The Days of His Grace
- First US edition
- Author: Eyvind Johnson
- Original title: Hans nådes tid
- Translator: Elspeth Harley Schubert
- Language: Swedish
- Set in: Italy
- Published: 1960
- Publisher: Vanguard Press (US)
- Publication place: Sweden
- Published in English: 1968
- Awards: Nordic Council's Literature Prize of 1962

= The Days of His Grace =

1960 novel by Eyvind Johnson

The Days of His Grace (Hans nådes tid) is a 1960 novel by Swedish writer Eyvind Johnson. Set mostly in northern Italy, close to Aquileia, it tells the story of the fate of a Langobard family as their homeland falls under the domination of Charlemagne. The major theme running through the book is the way the actions of the various characters are influenced by love, but also the difficulty of adapting to the arbitrary and overbearing power of absolute monarchy. The novel, translated into English by Elspeth Harley Schubert and published in 1968, is based somewhat on Charlemagne conquering northern Italy in 775. In its introductory remarks, Johnson acknowledges the historical plot, and his altering some dates. The central story follows the Lupigis family and the difficult fates they suffer following a rebellion against Emperor Charlemagne.

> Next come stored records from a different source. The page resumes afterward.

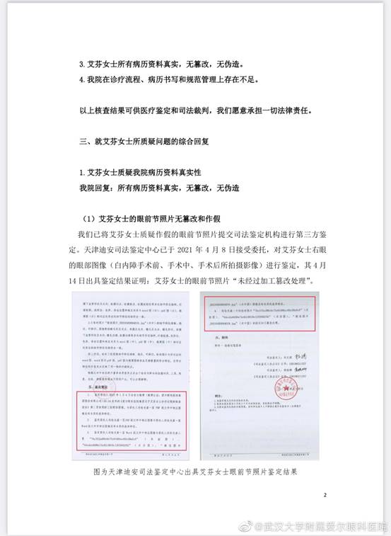 愛爾提供第三方鑒定結果:患者艾芬眼部圖片未經加工篡改
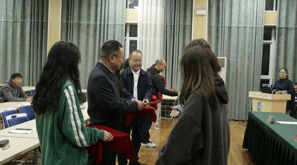 活动现场,石龙、张翔和赵曼对荣获春晖奖学金的同学颁发荣誉证书并合影留恋。
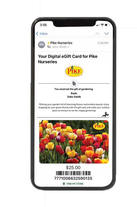 Pike Nursery gift cards never expire. You can feel confident you're giving a gift with value. Redeemable in-store.
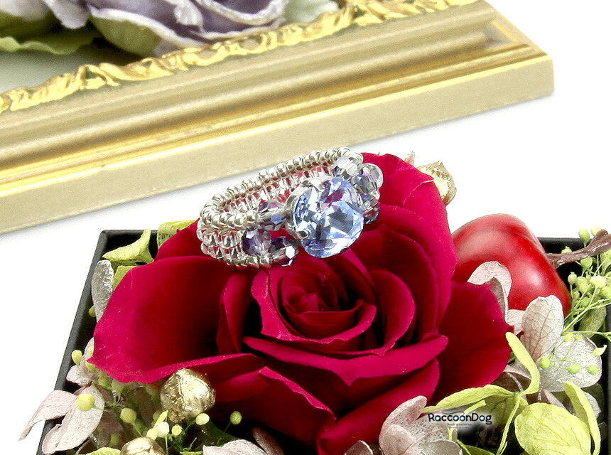 ビーズ,リング,コスチュームジュエリー,ビーズアクセサリー,ビーズリング,プレシオサ,クリスタル,ブルー
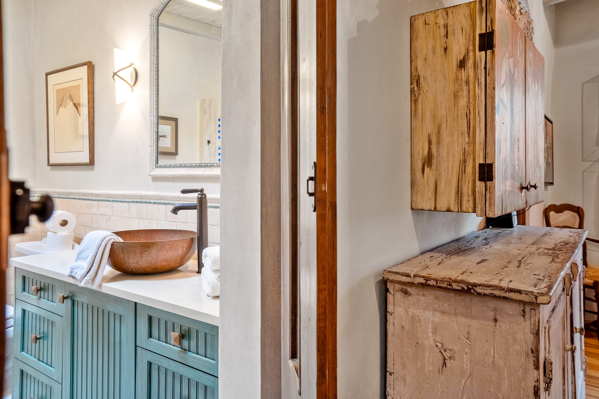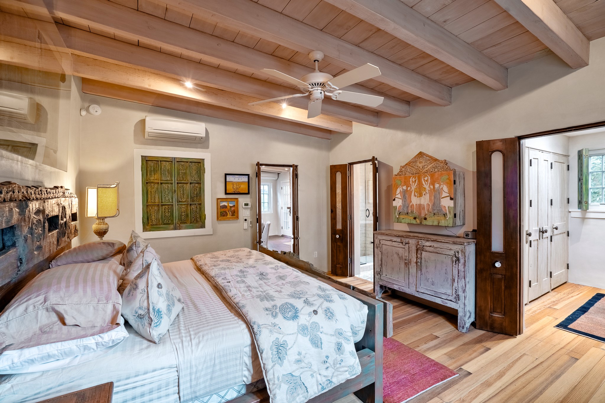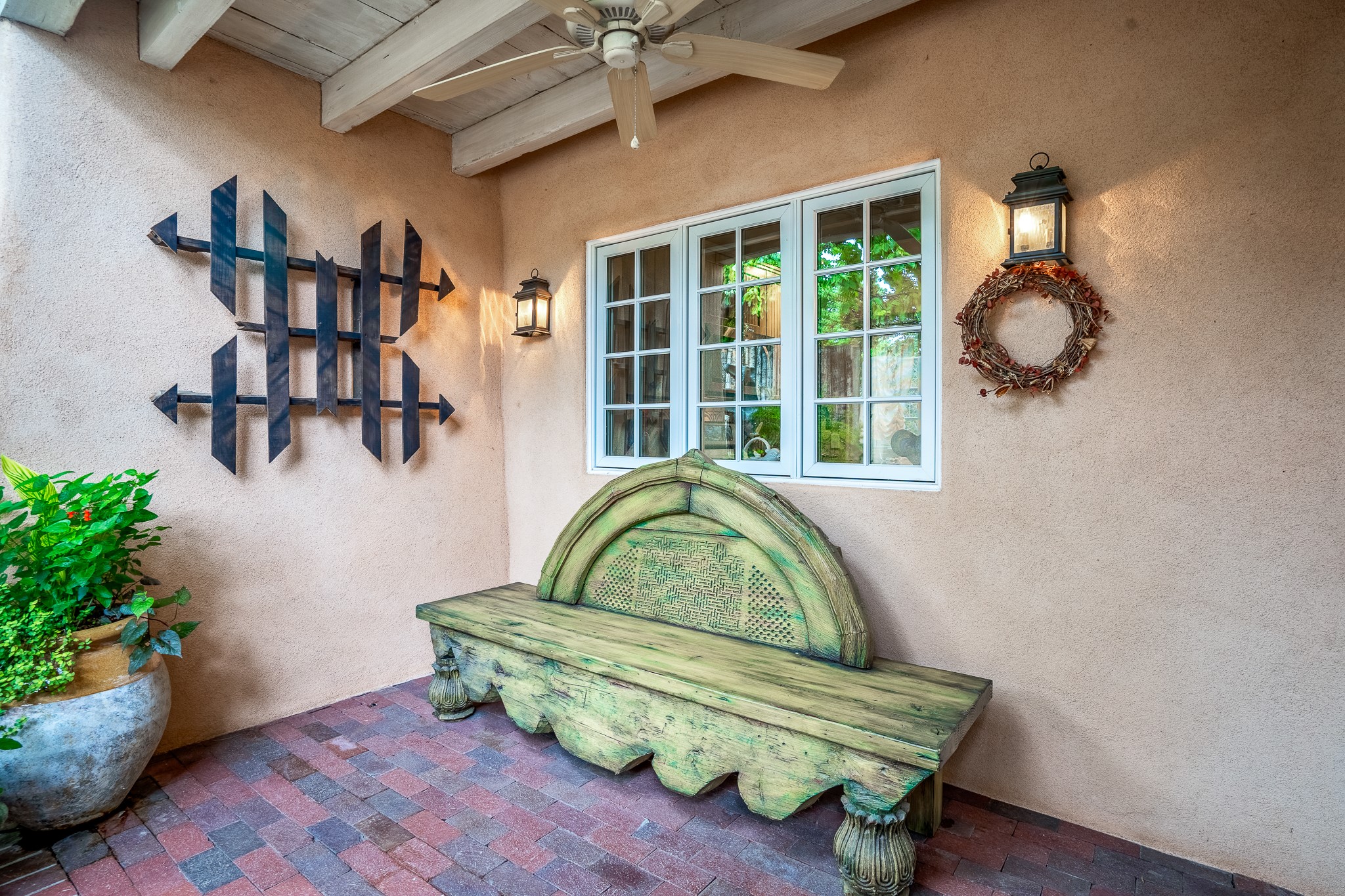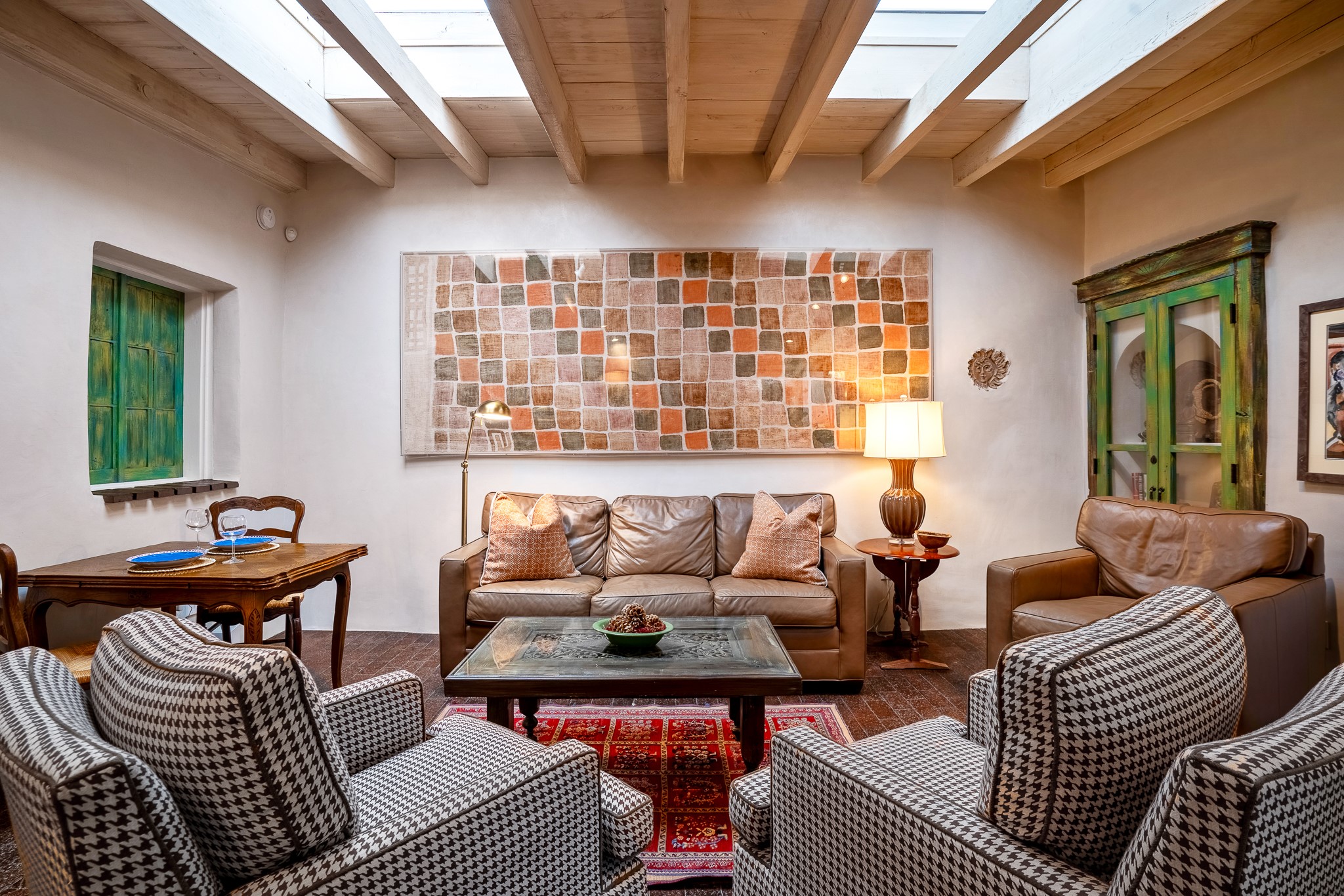 Welcome to Atwill Compound, an exquisite residence nestled in the heart of the Historic Eastside. Tucked away behind adobe walls, this compound offers tranquility and a prime location near art galleries and the vibrant ambiance of Canyon Road. Discover a stunning Spanish colonial gem, thoughtfully designed with traditional Southwest elements. The interior boasts thick white plastered adobe walls, complemented by deep-set divided light windows that provide delightful garden views. Immerse yourself in the beauty of polished brick floors in the living, dining room and kitchen, which ensures a stylish yet functional space for contemporary chefs. Step into the captivating primary bedroom and bathroom, featuring inviting wood floors and large walk-in closets. Outside, an enchanting private patio adorned with large potted plants invites you to savor the Santa Fe outdoors a little longer. Atwell Compound is an oasis of elegance and serenity, perfectly situated to embrace the best of Eastside living.
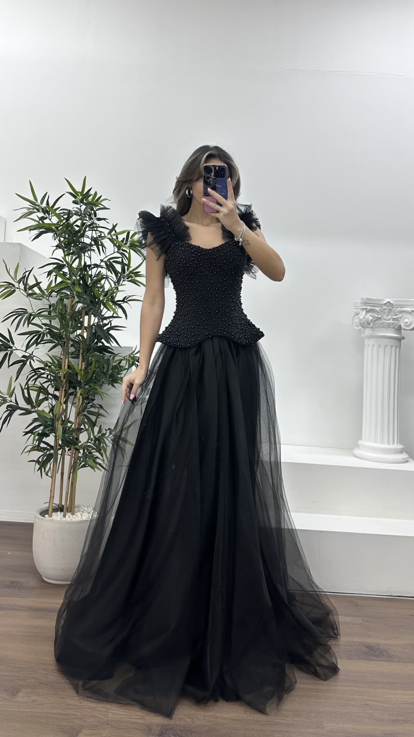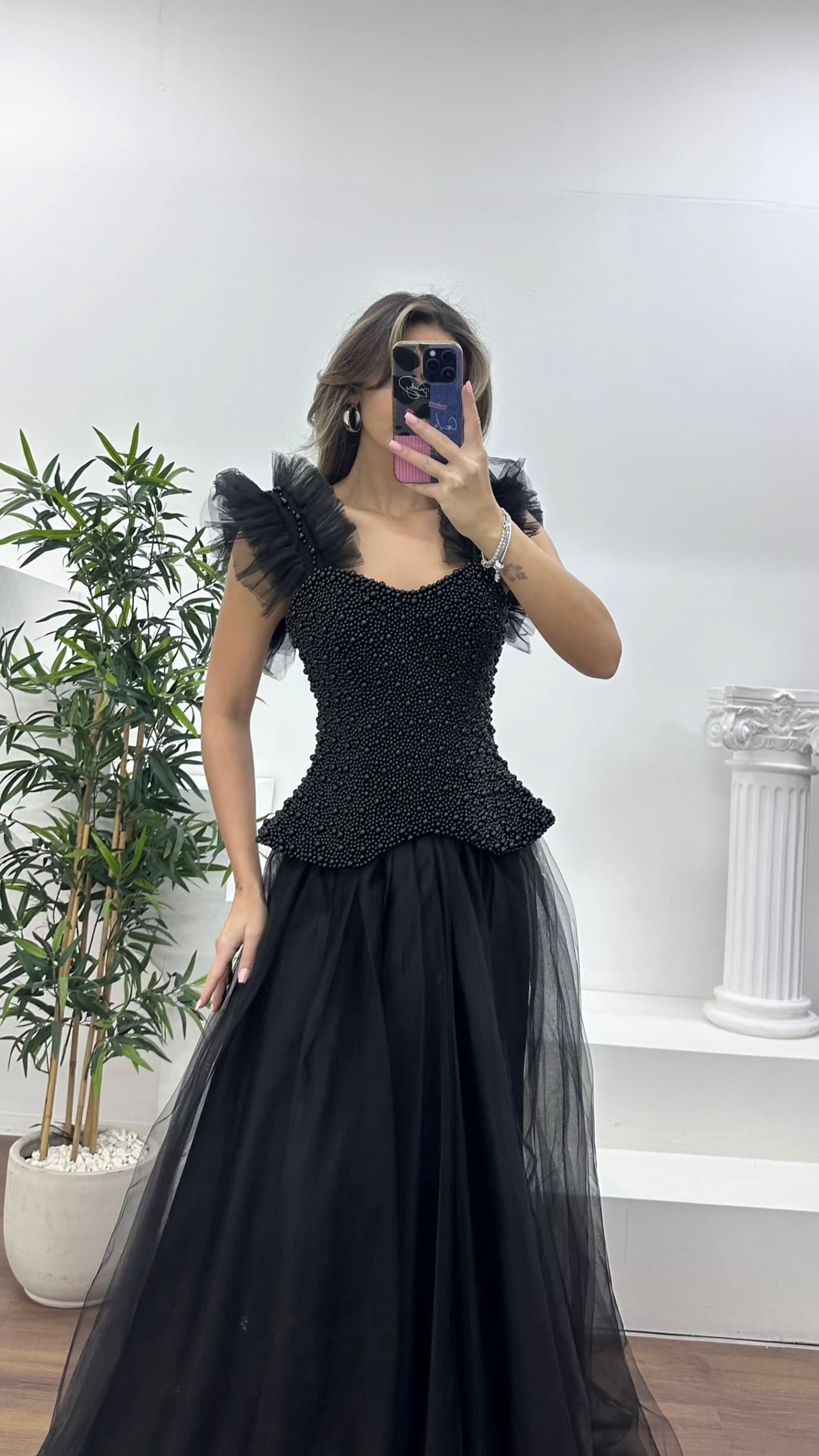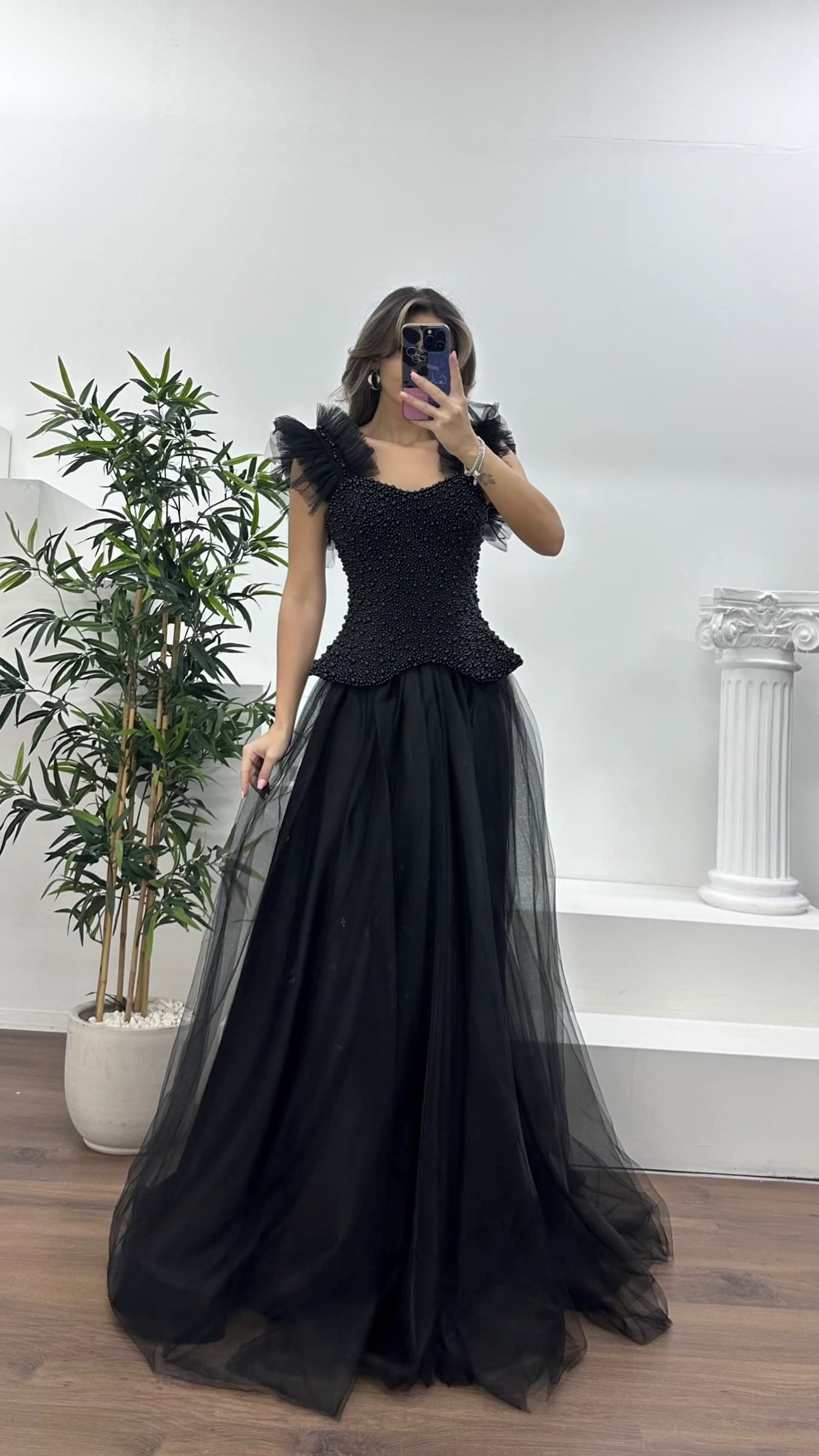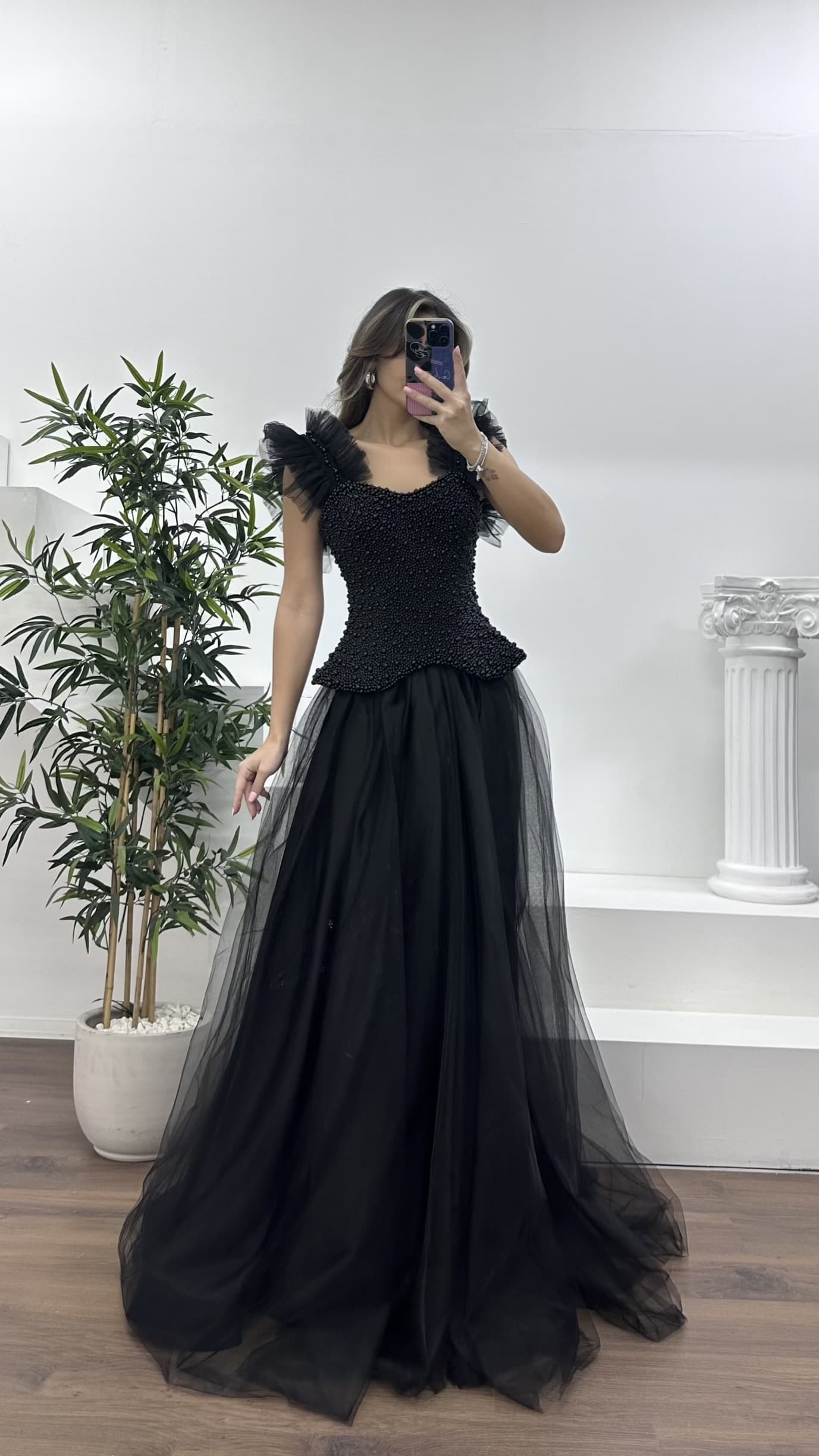 • Siyah İnci Kaplı Korse Detaylı, Tül Abiye Elbise

The novel received critical acclaim and the Nordic Council Literature Prize. The Swedish National Encyclopedia states that it was presumably of decisive importance for the Swedish Academy's decision to award Johnson the Nobel Prize for Literature.

==Background==
Eyvind Johnson had been interested in the history of the Langobards since his youth, and had already in 1923 acquired a German translation of Paul the Deacon's Historia Langobardorum. Since the 1930s Johnson had plans to write a novel about the times of Charlemagne, but due to other projects this idea was not realised until much later. Johnson started writing The Days of his Grace in 1957 and finished it in May 1960. Prior to the publication in September 1960, two excerpts from the novel was published in the Swedish literary magazine Bonniers litterära magasin in 1959 and 1960 respectively.

==Plot==
Duke Rodgaud—cousin of Bertold, castle in Forojuli (contemporary name, Cividale, Italy), starts a rebellion against King Carolus, that is quickly put down. He is executed by the Franks in Papia, summer, 776. Angilperta (“Angila”), the daughter of Rodgaud and Giseverga, is loved by the three Lupigi boys. She cannot be found during the rebellion, but becomes post-rebellion the wife of the Lord of East Burgundy, Gunderic, her name becoming Landoalda. She has Radbert as a lover, has two children, Landoald and Gisertruda, who die young, and a third child, Radaberta is given away. Gunderic imprisons her in the castle tower for seven years, after which Perto comes with an order from King Carolus to let her return to Forojuli. She dies on that trip back to her childhood home.
Bertold Lupigi, cousin of Duke Rodgaud. The family name, Lupigi comes from wolf, loup. He disappears in the rebellion and is found in a dungeon. He is freed from prison, post-rebellion, in 793, but is killed by an avalanche. Perto, son of Liuta and Bertold, is 16 years old at the novel's beginning, the youngest of three brothers. He loves Angila. He is also named Johannes Lupigis, more so as the novel progresses. During the rebellion, he manages to escape the Franks who kill his friend Sinauld. He visits Angilperta with Agibert in the autumn of 783, and sleeps with Angilperta. Late autumn 783 he arrives in Aquisgranum, where there is a royal college. He meets King Carolus and decides he is “indeed great.” Perto goes to Totonisvilla where his brother Warnefrit is in prison, but is seized by guards as he leaves the prison. In prison for three and a half years, in total darkness of the prison cell, he creates a vision of a flowering bush. Then he dines with the Devil, who tempts him. He is released from jail at the age of 31 and goes to Aquisgranum where his Uncle Anselm explains the reasons for his imprisonment. He becomes part of King Carolus's Court again, and eventually gets an order allowing Angilperta to return to her childhood home. Warnefrit, the son of Liuta and Bertold, the oldest of three brothers, likes relations with slave women. He becomes engaged to Angila. All of chapter 16 is his angry and frustrated monologue as heir to his father. He disappears in the rebellion and is found in a dungeon, where he remains for over ten years post-rebellion. His brother Perto comes to get him from prison, though he does not recognize Perto. Eranbald brings Warnefrit to Gudneric, where Angilperta is, and they all dine together though Warnefrit does not seem to recognize Angilperta. Healthy again, he defends the kingdom against Huns.

==Critical reception==
Upon its publication in 1960, The Days of his Grace received unanimous praise by nearly all of the leading Swedish literary critics who deemed it a highpoint in Johnson's literary career. The novel was awarded the Nordic Council Literature Prize in 1962 and was translated to Danish, Norwegian, Finnish, German and English.